Using the data below, print exactly the line with "We had to make", the line with "Avery 2 in 1", and every line between them, but none of the pictures.

• [Source material]:
-=-=-
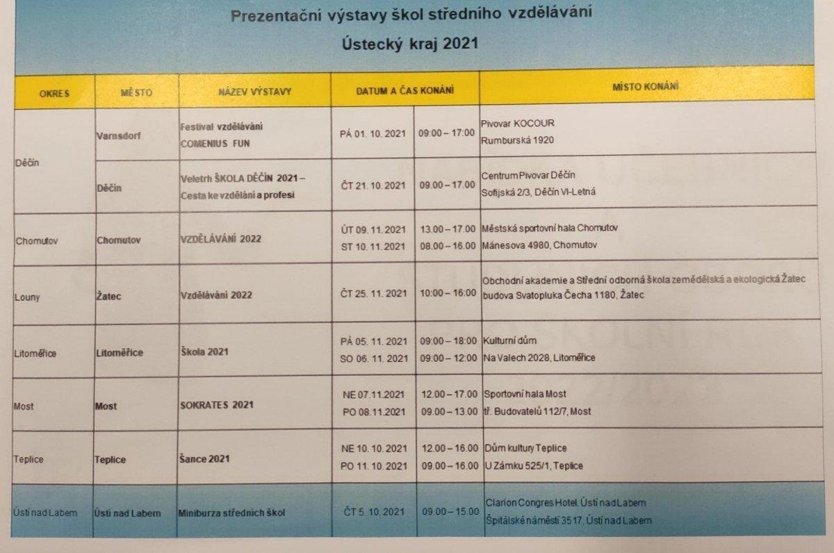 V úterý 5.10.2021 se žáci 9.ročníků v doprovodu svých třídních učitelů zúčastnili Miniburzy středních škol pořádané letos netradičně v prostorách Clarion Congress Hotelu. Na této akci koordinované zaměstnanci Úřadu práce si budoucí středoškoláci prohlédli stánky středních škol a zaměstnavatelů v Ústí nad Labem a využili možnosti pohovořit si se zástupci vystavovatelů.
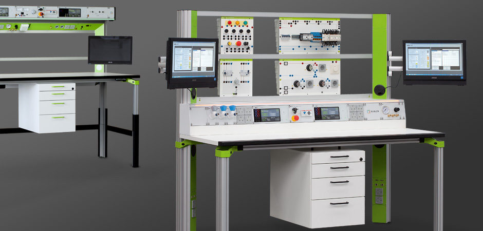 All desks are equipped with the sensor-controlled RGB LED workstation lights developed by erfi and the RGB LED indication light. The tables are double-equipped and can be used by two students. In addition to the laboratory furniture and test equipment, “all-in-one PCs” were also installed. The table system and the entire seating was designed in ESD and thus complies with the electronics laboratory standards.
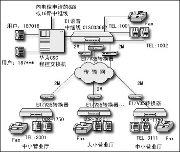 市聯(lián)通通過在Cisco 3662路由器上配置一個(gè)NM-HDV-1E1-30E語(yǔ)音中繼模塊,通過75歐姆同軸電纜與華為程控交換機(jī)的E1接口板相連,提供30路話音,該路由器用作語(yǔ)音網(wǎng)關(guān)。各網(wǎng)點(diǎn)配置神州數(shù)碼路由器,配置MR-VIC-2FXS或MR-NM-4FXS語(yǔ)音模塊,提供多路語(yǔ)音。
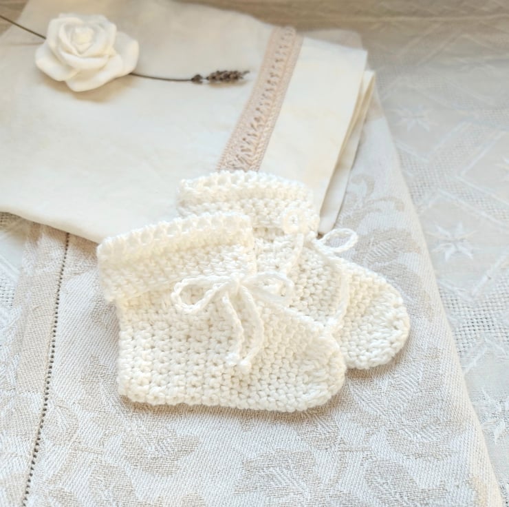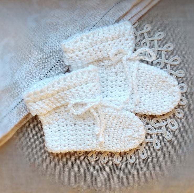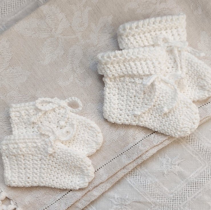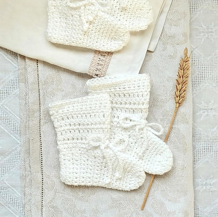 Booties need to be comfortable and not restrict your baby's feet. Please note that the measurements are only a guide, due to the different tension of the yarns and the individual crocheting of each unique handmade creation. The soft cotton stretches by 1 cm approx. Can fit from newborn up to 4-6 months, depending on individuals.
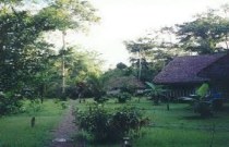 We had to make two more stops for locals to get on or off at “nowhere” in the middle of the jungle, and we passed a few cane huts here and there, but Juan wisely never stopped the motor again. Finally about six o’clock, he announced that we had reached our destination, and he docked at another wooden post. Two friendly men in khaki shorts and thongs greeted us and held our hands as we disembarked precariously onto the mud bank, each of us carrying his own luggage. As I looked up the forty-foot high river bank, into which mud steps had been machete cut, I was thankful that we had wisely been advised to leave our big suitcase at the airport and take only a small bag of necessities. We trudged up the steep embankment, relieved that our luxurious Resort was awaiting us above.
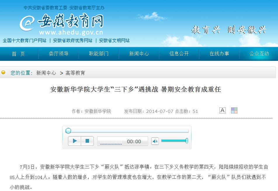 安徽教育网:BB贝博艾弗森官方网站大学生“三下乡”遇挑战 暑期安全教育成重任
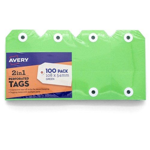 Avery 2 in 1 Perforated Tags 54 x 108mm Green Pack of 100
-=-=-
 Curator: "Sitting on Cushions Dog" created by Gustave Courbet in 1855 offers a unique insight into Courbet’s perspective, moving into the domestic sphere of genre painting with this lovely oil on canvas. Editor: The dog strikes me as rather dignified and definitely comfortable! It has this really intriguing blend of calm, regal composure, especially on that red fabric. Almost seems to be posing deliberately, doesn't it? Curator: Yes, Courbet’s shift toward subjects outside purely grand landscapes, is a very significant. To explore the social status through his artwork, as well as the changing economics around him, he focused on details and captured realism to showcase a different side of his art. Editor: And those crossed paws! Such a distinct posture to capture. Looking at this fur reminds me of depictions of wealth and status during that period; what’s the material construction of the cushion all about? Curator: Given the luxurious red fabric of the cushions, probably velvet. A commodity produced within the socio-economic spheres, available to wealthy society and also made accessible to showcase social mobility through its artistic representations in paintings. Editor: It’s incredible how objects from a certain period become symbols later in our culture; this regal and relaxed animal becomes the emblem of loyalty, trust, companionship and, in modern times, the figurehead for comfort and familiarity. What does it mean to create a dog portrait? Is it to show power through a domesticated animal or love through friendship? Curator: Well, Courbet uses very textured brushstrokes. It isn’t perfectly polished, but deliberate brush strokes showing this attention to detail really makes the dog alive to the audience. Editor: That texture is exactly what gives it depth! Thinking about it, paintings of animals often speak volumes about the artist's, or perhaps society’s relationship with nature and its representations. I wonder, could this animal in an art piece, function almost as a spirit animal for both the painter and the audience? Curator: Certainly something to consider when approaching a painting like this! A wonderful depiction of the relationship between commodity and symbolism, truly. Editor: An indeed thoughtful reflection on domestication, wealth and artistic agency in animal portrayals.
-=-=-
• [Answer to the problem]:
 We had to make two more stops for locals to get on or off at “nowhere” in the middle of the jungle, and we passed a few cane huts here and there, but Juan wisely never stopped the motor again. Finally about six o’clock, he announced that we had reached our destination, and he docked at another wooden post. Two friendly men in khaki shorts and thongs greeted us and held our hands as we disembarked precariously onto the mud bank, each of us carrying his own luggage. As I looked up the forty-foot high river bank, into which mud steps had been machete cut, I was thankful that we had wisely been advised to leave our big suitcase at the airport and take only a small bag of necessities. We trudged up the steep embankment, relieved that our luxurious Resort was awaiting us above.
 安徽教育网:BB贝博艾弗森官方网站大学生“三下乡”遇挑战 暑期安全教育成重任
 Avery 2 in 1 Perforated Tags 54 x 108mm Green Pack of 100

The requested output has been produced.